Network architecture

The network architecture is shown in Fig. 1. The input is an infrared small target image, and is passed downwards through the vertical feature extraction module, which is called the backbone network. The backbone network consists of several AAM-blocks stacked and is divided into three different stages. At each stage, high-level semantic features are extracted, and each stage is followed by a max pooling layer except the last one. Then features are propagated through the horizontal feature aggregation module. Features from neighboring stages are aggregated, with an up-sampling operation applied on the deeper feature map to match their shapes before aggregation. The resolution of the feature map is gradually restored to be the same with the input resolution. The Predict module takes the final feature map as input, and produce a binary image as output, which is the final detection result of the model.

Let $L^{i,j}$ denote the outputs of the nodes in the Fig. 1, where i denotes the i-th iteration of feature aggregation and j denotes the j-th feature extraction stage. The backbone network consists of node $L^{0,j}, j \in {0,1,2}$. The expression of $L^{i,j}$ is shown in Eq. (1).

$$\begin{aligned} L^{i,j} =\left\{ \begin{matrix} Ext(input) &{}i=0,j=0 \\ Ext(P_{max}(L^{i,j-1}) ) &{} i=0,j>0\\ Agg(L^{i-1,j},U(L^{i-1,j+1})) &{}otherwise \end{matrix}\right. \end{aligned}$$

(1)

where input is the input infrared small target image, $Ext(\cdot )$ denotes feature extraction, $Agg(\cdot )$ denotes feature aggregation, $P_{max}(\cdot )$ is the down-sampling operation using max-pooling, and $U(\cdot )$ is the up-sampling operation using bilinear interpolation.
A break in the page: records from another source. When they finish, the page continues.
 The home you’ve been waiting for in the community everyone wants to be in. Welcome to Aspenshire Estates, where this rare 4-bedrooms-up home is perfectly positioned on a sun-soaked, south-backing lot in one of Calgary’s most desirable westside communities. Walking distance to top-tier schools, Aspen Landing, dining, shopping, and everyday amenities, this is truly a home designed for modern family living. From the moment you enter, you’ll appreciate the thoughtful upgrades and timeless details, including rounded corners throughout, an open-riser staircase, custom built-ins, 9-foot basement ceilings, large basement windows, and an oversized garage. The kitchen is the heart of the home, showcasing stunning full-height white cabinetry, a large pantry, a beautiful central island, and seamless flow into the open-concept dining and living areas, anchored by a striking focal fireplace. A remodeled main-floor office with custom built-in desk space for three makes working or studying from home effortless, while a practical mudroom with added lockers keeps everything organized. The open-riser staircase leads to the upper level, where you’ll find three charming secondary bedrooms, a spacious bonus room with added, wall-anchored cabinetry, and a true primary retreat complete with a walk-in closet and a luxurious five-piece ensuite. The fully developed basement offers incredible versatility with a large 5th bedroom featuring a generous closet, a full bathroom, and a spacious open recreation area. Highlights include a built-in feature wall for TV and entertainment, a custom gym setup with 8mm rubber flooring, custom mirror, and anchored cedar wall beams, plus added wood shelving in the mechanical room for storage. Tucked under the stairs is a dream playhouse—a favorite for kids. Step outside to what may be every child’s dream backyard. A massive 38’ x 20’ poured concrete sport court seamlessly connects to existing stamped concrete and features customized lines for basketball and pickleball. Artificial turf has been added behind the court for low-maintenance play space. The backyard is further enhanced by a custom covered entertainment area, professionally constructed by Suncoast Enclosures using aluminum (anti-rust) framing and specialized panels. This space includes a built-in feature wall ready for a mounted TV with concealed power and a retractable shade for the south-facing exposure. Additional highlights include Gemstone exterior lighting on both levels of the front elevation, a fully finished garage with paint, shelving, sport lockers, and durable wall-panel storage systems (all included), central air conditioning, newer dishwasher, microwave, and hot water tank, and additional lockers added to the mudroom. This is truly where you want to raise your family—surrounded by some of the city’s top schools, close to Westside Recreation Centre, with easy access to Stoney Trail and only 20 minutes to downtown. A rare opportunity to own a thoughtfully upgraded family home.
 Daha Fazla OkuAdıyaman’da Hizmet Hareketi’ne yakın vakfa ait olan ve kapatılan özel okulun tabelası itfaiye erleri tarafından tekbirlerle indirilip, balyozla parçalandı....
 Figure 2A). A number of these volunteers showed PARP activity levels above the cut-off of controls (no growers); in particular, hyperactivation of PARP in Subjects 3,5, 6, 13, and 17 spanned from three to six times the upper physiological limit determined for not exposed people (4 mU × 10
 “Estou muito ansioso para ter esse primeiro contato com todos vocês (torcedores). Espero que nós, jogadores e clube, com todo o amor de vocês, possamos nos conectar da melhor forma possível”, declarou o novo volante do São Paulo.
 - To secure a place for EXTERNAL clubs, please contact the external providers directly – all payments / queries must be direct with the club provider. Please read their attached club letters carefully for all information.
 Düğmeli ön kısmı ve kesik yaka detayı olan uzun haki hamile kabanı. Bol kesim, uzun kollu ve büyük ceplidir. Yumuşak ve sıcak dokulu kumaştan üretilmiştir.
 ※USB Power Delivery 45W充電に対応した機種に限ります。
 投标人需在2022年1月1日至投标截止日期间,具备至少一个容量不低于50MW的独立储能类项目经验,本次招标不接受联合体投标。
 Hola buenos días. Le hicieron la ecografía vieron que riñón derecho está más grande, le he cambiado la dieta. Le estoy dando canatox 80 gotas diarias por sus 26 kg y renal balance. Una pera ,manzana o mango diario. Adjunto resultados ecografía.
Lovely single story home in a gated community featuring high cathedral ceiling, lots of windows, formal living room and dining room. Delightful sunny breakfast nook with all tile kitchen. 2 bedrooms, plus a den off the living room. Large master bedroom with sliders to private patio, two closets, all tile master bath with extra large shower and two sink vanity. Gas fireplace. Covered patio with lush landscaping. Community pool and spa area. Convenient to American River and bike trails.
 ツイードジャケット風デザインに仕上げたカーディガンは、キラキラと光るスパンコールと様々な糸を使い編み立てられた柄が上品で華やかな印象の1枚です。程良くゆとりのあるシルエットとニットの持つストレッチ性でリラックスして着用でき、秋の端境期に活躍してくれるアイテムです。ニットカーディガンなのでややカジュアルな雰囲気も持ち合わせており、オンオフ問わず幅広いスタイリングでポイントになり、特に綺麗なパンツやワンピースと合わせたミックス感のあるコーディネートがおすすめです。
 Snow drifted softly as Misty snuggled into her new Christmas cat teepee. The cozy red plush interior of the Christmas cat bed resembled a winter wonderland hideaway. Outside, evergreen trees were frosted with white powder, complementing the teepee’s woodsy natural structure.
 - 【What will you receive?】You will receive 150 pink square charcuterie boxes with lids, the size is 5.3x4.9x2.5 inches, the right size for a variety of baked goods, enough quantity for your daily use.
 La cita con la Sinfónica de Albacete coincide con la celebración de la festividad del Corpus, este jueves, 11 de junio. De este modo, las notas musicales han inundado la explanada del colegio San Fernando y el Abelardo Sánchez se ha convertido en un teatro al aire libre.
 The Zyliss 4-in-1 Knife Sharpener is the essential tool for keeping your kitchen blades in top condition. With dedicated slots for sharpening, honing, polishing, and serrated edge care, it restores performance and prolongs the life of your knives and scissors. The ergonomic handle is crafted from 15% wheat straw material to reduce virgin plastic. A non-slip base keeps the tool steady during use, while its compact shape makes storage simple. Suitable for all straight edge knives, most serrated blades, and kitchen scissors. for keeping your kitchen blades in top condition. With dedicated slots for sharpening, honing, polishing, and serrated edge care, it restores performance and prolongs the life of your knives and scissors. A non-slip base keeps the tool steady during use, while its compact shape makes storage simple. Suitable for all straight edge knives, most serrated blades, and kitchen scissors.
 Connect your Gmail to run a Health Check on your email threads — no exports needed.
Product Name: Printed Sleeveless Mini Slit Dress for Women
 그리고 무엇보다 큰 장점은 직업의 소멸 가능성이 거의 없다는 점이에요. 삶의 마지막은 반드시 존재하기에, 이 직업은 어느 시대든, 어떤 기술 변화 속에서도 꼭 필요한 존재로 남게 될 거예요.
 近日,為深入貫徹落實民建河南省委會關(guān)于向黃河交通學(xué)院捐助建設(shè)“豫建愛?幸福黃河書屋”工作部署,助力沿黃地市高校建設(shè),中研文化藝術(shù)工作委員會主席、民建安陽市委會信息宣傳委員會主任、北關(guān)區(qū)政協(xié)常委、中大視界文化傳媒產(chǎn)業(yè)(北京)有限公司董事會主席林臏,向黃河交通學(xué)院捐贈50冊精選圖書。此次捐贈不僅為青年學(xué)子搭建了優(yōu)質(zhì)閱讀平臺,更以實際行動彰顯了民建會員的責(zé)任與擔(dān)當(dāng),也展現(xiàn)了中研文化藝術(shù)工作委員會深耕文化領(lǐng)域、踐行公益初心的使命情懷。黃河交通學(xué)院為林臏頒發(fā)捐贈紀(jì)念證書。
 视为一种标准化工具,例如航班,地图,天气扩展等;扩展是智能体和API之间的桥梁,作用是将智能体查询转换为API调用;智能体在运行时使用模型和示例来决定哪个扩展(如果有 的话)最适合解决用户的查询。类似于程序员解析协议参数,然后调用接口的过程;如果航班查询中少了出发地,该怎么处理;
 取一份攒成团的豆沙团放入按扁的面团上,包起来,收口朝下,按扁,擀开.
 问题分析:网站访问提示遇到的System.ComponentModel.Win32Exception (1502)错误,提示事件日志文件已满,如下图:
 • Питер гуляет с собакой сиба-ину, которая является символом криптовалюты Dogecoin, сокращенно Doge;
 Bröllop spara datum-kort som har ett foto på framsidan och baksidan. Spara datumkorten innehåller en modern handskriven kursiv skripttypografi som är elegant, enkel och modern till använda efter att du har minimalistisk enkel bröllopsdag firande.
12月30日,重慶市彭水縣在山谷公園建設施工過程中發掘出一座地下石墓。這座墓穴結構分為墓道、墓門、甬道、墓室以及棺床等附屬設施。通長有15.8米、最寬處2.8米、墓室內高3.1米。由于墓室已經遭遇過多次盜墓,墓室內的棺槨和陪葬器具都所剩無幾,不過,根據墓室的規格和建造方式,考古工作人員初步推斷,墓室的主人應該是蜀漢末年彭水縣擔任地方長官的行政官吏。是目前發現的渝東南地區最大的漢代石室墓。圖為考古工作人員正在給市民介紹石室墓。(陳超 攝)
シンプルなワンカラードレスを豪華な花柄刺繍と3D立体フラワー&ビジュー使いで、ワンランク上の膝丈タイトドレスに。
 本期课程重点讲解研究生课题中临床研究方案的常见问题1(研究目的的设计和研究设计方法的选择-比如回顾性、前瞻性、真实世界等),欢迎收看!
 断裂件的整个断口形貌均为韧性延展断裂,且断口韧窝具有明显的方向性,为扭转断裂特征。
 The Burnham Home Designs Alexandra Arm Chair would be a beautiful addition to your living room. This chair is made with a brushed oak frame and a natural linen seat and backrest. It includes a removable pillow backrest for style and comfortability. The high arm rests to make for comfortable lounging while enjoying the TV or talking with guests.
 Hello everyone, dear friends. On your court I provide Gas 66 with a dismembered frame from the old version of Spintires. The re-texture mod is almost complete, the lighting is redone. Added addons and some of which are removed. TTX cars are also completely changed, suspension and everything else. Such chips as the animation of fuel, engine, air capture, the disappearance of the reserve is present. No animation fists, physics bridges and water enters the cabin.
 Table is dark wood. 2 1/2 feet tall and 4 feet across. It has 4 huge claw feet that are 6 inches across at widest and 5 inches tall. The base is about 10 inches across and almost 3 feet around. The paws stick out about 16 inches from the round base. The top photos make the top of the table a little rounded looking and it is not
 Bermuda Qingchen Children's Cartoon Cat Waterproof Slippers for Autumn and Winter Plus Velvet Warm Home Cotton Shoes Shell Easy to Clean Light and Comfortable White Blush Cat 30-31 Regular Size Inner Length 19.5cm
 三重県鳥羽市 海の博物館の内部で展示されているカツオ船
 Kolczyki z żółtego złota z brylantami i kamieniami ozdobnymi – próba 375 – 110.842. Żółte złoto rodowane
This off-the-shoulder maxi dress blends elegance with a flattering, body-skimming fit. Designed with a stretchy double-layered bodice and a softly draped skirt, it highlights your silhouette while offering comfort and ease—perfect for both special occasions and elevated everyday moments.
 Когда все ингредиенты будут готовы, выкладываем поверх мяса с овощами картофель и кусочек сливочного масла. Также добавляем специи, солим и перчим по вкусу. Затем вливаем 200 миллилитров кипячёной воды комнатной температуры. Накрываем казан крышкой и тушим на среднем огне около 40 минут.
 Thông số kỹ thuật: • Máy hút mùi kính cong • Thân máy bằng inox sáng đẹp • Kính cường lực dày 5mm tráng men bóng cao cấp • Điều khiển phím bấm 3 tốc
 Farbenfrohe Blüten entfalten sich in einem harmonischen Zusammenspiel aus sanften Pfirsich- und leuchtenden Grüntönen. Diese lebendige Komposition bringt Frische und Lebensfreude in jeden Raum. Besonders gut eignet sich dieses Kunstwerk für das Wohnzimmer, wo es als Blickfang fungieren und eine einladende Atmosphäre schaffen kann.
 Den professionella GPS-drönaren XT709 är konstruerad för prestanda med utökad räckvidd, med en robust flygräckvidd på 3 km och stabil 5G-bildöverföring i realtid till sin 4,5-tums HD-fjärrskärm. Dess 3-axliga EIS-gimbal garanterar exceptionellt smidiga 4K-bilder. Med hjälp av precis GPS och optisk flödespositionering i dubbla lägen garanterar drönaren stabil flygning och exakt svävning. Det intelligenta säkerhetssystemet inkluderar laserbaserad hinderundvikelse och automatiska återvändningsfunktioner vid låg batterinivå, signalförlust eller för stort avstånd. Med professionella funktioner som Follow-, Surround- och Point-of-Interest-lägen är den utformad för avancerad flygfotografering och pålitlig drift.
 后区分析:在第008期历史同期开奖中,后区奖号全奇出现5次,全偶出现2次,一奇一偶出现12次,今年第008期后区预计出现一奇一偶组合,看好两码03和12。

Our network structure is similar to the U-Net²⁰ structure in that both have encoding and decoding processes. However, the way of feature aggregation during decoding is different. The common approach to image segmentation is to simply aggregate shallow features with deeper features using skip connections. Our approach is to iteratively aggregate deeper features starting from the shallowest ones, while we also add attention to the process. Deep-layer feature has rich global semantic information and relatively less local detail information²³. In infrared small target detection task, small target feature is not obvious. Hence it is important to leverage global semantic feature from deep-layers for small target recognition. Since small target feature can get overwhelmed easily in deep layer, we reduced the number of down-sampling and enhanced feature extraction by employing an asymmetric attention mechanism, we enhance feature extraction by employing an asymmetric attention mechanism, and iteratively aggregates deep and shallow features. Small target feature is continuously enhanced and the final feature map has rich global semantic information.

Table 1 DAEA backbone network.

Full size table

As shown in Fig. 1, our backbone network has blocks of cascaded convolutional layers as those in ResNet². We extend residual block with an extra attention layer SA to form the AAM-block, which extracts global channel feature and local spatial detail, and uses channel shuffle to interact channel and spatial information. So the learning capability of the network is adaptively enhanced. As shown in Table 1, The down-sampling process is applied on the output of each stage except the last one, i.e. $L^{0, 0}$ and $L^{0, 1}$. The length of the backbone network can be adjusted by the hyperparameter S, which is the number of cascaded convolutional blocks. The number of down-sampling limits the depth of the backbone network.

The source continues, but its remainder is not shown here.